First Bluetooth Wireless Notebook at CeBIT
Hasdi Hashim writes, "NEC Corporation is using the first generation National Semiconductor chipset in the world's first Bluetooth interoperable notebook PCs with a built-in antenna, displayed at CeBit 2000."
802.11 is like a wireless lan. It replaces the built-in ethernet cables of your office with plugged-in base-stations. When you connect, you have to do all the same old configuration you had to do to access your lan. Although of course a smart sysadmin will do more than this, the average 802.11 system relies heavily on up-front security: you're either in or you're out, just like with a lan.
Bluetooth is like a replacement for all the other cables under your desk - the Palm cradle, the keyboard, the doohickey to connect to your digital camera, the printer cable, the cable to your external modem and the 20 foot phone cord out the back of that. It's low-power enough not to need either side plugged in, and the use-model specific interoperability profiles (comm port replacement, input device, ppp, OBEX, printer) mean that (ideally) you'll be able to walk up to an unfamiliar device and actually use it without too much set-up. Each device will enforce its own security.

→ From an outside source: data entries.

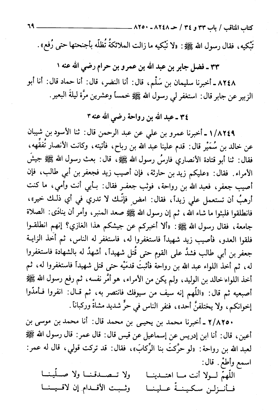 8250 - أخبرنا محمد بن يحيى بن محمد قال أنا محمد بن موسى بن أعين قال أنا بن إدريس عن إسماعيل عن قيس قال قال عمر قال رسول الله صلى الله عليه و سلم لعبد الله بن رواحة : لو حركت بنا الركاب فقال قد تركت قولي قال له عمر أسمع وأطع قال ... اللهم لولا أنت ما اهتدينا ... ولا تصدقنا ولا صلينا ... فأنزلن سكينة علينا ... وثبت الأقدام إن لاقينا فقال رسول الله صلى الله عليه و سلم اللهم ارحمه فقال عمر وجبت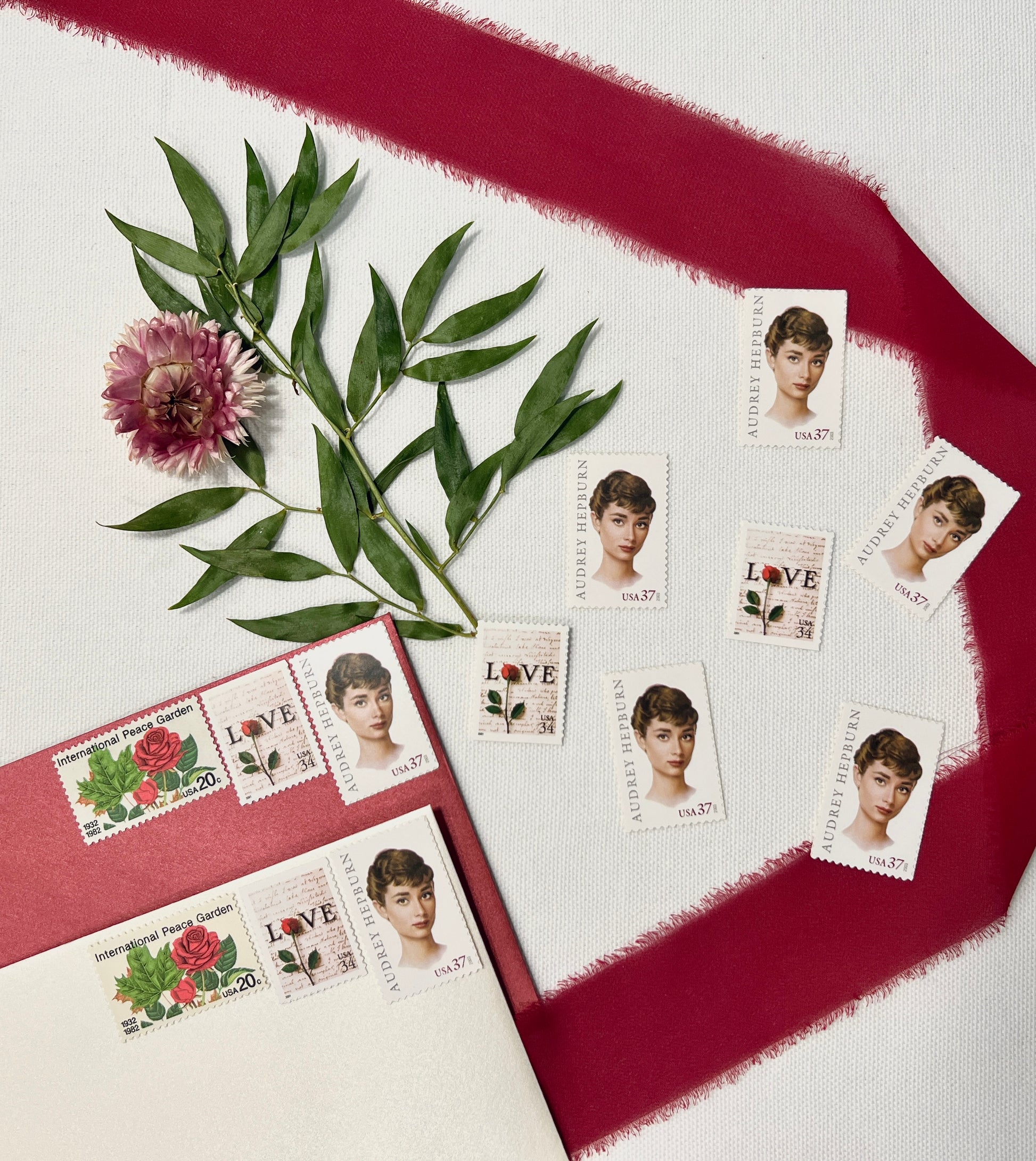 Neutral Wedding Postage - Floral Vintage Curated Set with Audrey Hepburn, International Peace Garden, Love Letter and Rose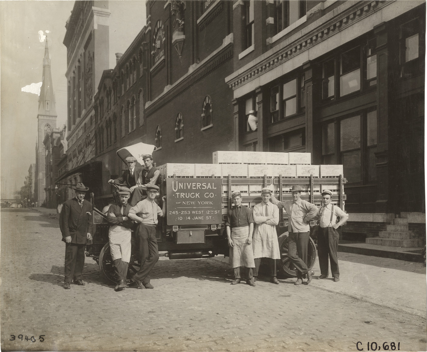 View of men posing with 1912 Universal truck; truck carries crates of Peter Doelger lager beer. Sign on truck: "Universal Truck Co. of New York, 245-253 West 12th St., 10-14 Jane St." Stamped on back: "Spooner & Wells, Inc., photographers, telephones 3472-3473 Columbus, 1931 Broadway, New York." Handwritten on back: "Motor trucks--Universal, 1912."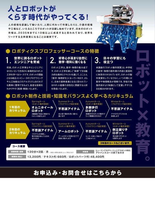 | 15:40~17:40(2時間) 第1/3/5週目クラス | 中学2年~高校3年 ロボティクス |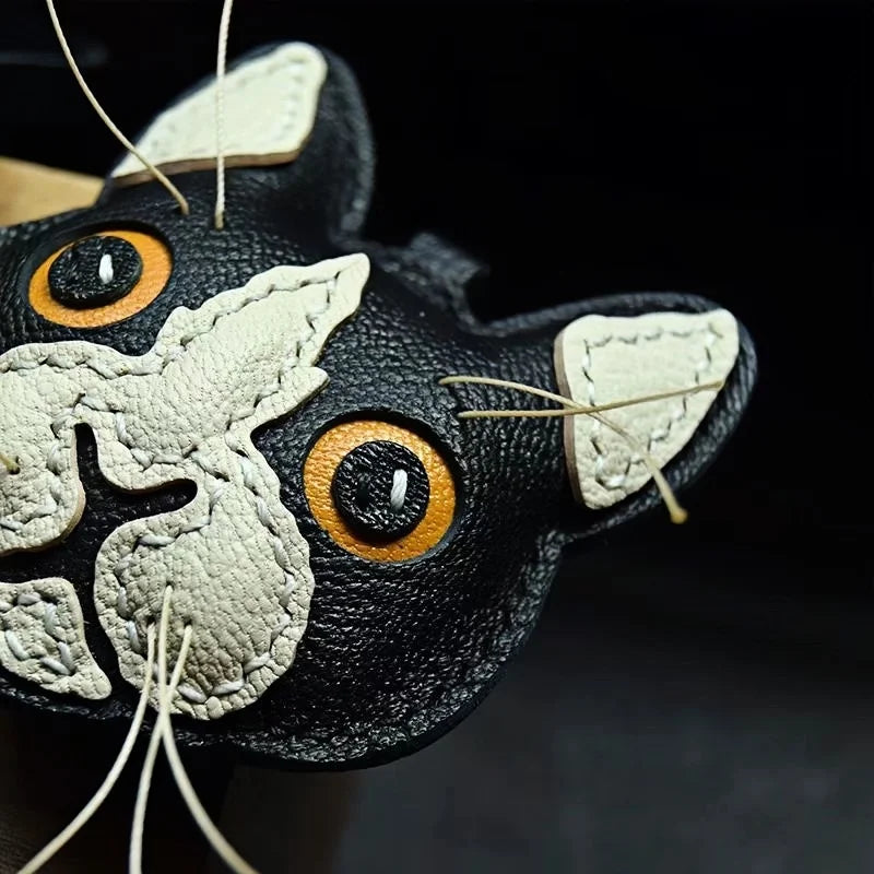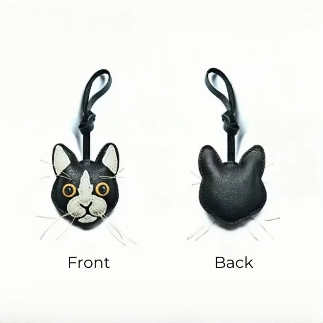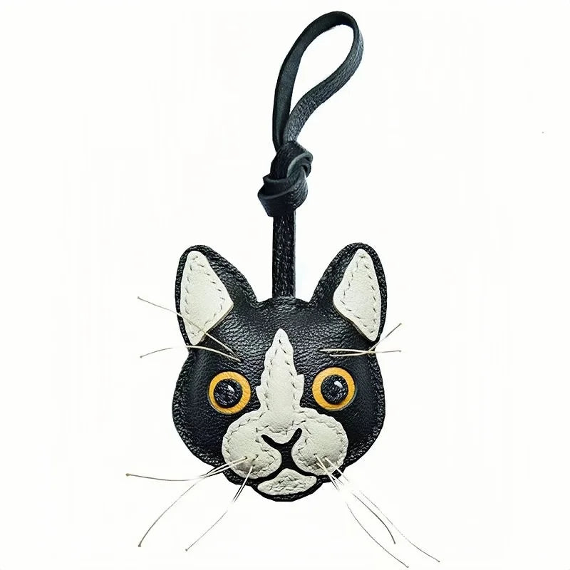 Black and White Cat Leather Bag Charm – Handmade Lambskin Pendant | Cute Cat Face Keychain | Whisker-Inspired Accessory & Gift for Women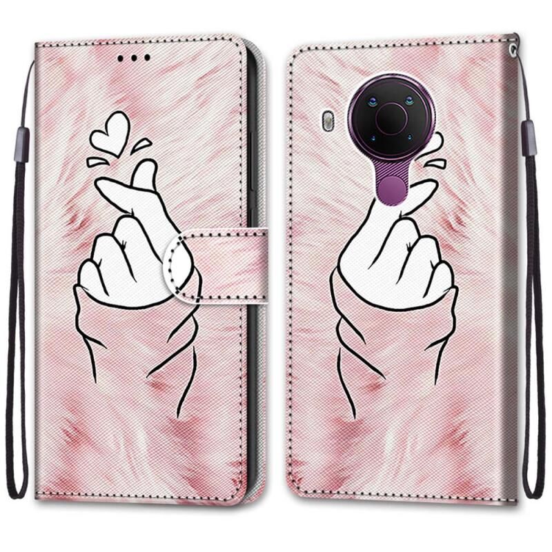 Θήκη δερματίνης PU με σχέδιο σταυρωτής υφής, οριζόντιο άνοιγμα, για Nokia 5.4 με βάση στήριξης, θήκες καρτών, πορτοφόλι & λουρί (Λευκό Γατάκι)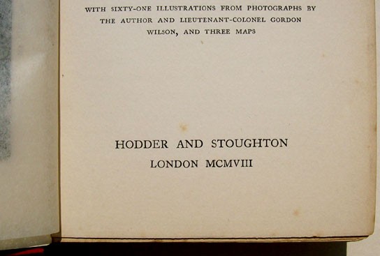Original pictorial red cloth binding with gilt titling on the spine. xiii prelims, 226 pages, 61 black and white photographic plates, 3 maps (one of which is folds out at the top) followed by 18 pages of the publisher's list of new titles.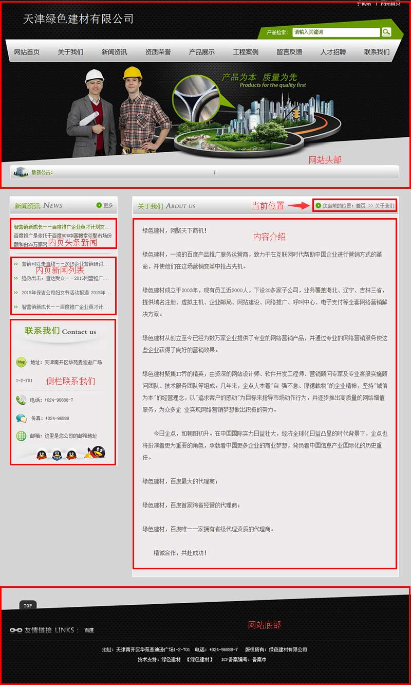 (1)单页图文型:我们以关于我们为例。首先分析页面,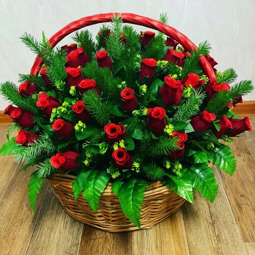Красные цветы символизируют страсть, силу и любовь. Они могут быть использованы в корзинах для выражения глубокой привязанности и уважения к ушедшему.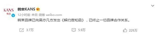18日晚间,韩束发文表示,已向吴亦凡方发出《解约告知函》并终止一切品牌合作关系。
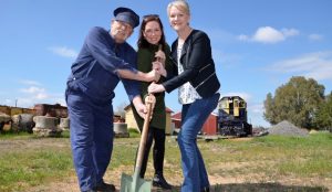 State minister for regional development Jaclyn Symes MLC with Bendigo West MP Maree Edwards and VGR vice-president John Hoy at Friday's sod turning.

It's still an open question whether BT will deliver on its promise. However, BT and 802.11 are not direct competitors. You wouldn't dream of using an 802.11 keyboard to type from across the room, just like you wouldn't dream of replacing all the ethernet cables in your office with bluetooth.
Preferential Voting: easy as 1-2-3
Bluetooth specs allow for overlapping piconets, and a member of a piconet (Bluetooth spec's terminology for an ad-hoc Bluetooth network)can also be a member of another piconet. This is called a scatternet and gives you a lot of room to grow. 8 is the maximum number of ACTIVE members in the piconet, some nodes might be parked (up to 255); and it only makes sense that you can have up to 8 active members since the capacity is about 721k anyway.